The problems began during the summer of 2010 when the diffusion of the malware gone out of control, starting to spread itself out of Natanz plant. It was not clear the reason for the unexpected spread:
“We think there was a modification done by the Israelis,” one of the briefers told the President, “and we don’t know if we were part of that activity.”
Mr. Biden reported to the President, “It’s got to be the Israelis. They went too far.”
Let’s close by enumerating the main revelations made by the Zero Days documentary:
- The US government conducted hacking operations involving its personnel at the Remote Operations Center (ROC) in Fort Meade, Maryland, to compromise control systems in several Iran’s critical infrastructure. The attacks aimed to support a possible conventional military attack;
- Israel spread a modified, and more aggressive, version of Stuxnet against Iranian nuclear facilities.

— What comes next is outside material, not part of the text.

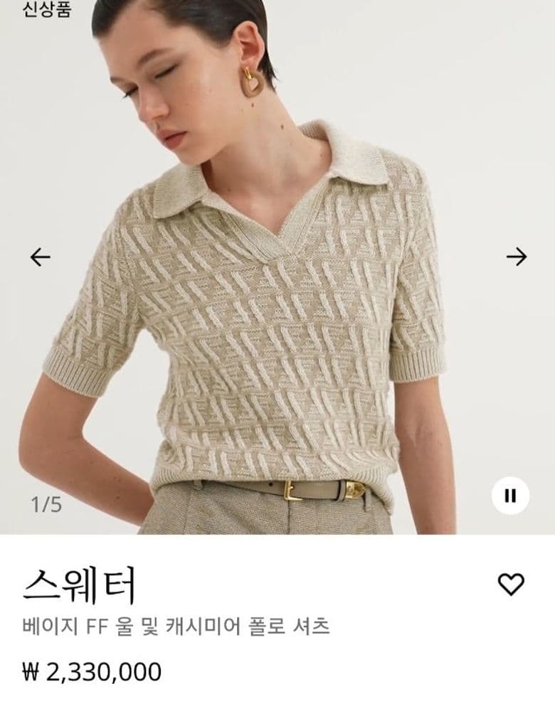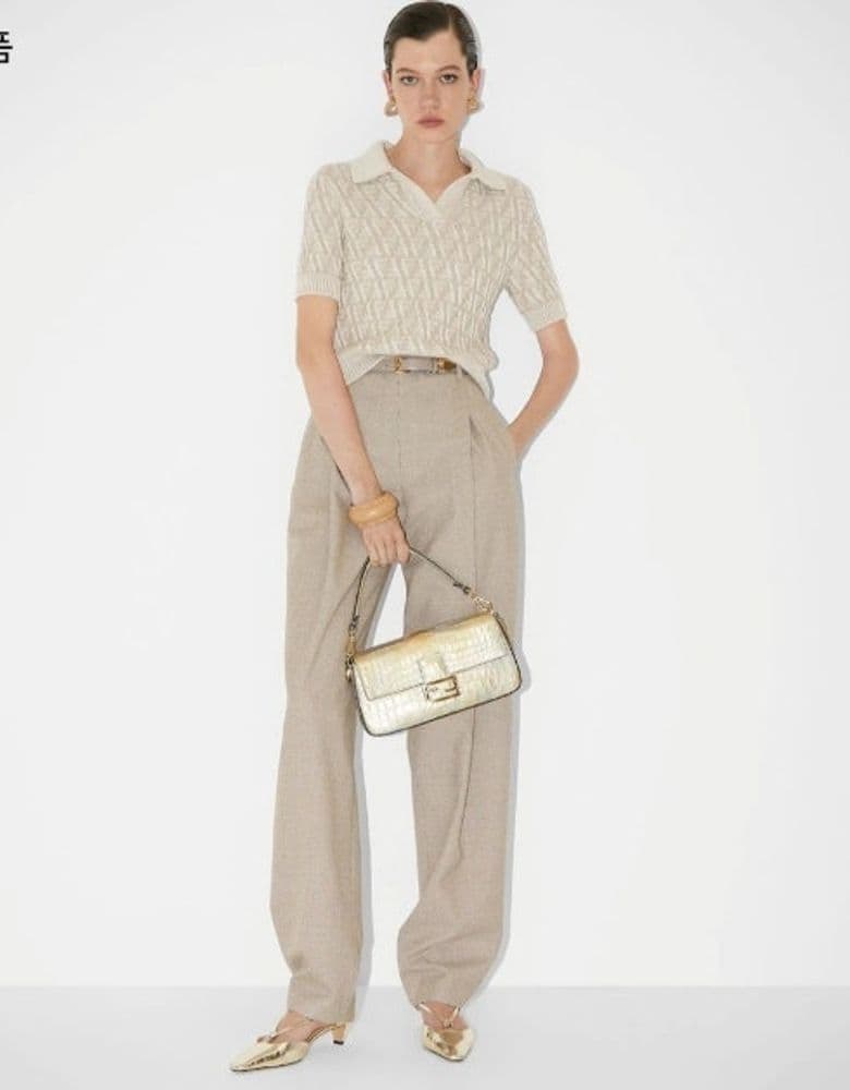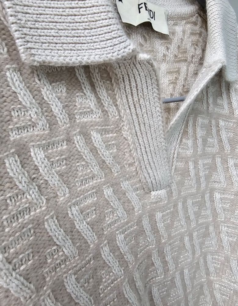 펜디, 베이지 FF 울 및 캐시미어 폴로 셔츠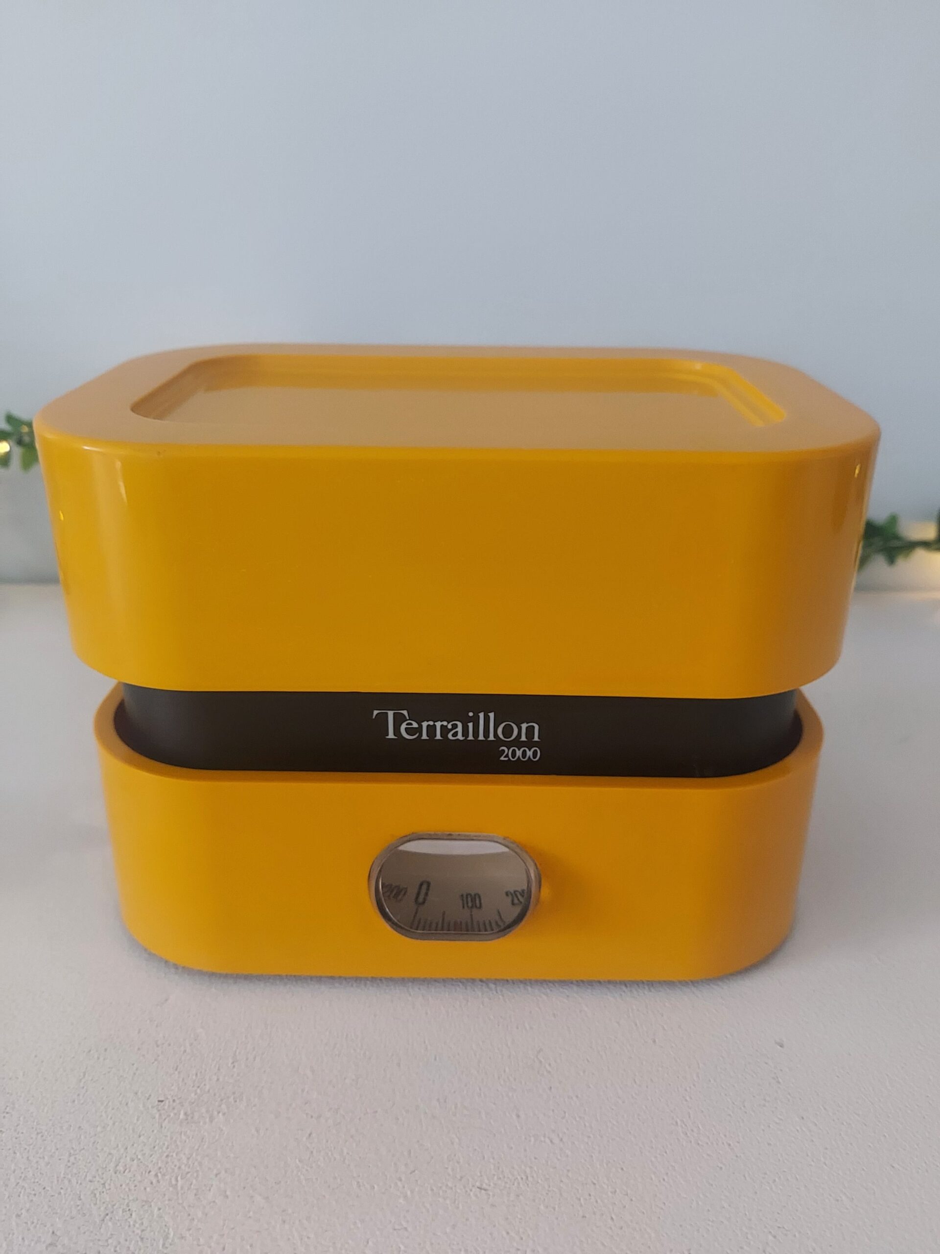 Balance de cuisine vintage Terraillon 2000 jaune moutarde années 70.

- A number of official within the US Government expressed concern about the legality and ethics of some of cyber attacks against civilian as well as military infrastructure;
- The British intelligence supported the spread of Stuxnet against Iranian facilities.
The documentary raised once again the discussion around the efficiency of cyber weapons and their use made by intelligence agencies worldwide.
How many nation-states’ malware are secretly operating in the wild?
It is impossible to provide an answer to the question, for sure the militarization of cyberspace is becoming a pillar of the cyber strategy of any government.
The governments of N. Korea, China, Russia, and Iran are spending a significant effort in increasing their cyber capabilities, including the development of a new generation of lethal cyber weapons, for this reason, it is essential to protect critical infrastructure worldwide and define a legal framework for the use cyber weapon.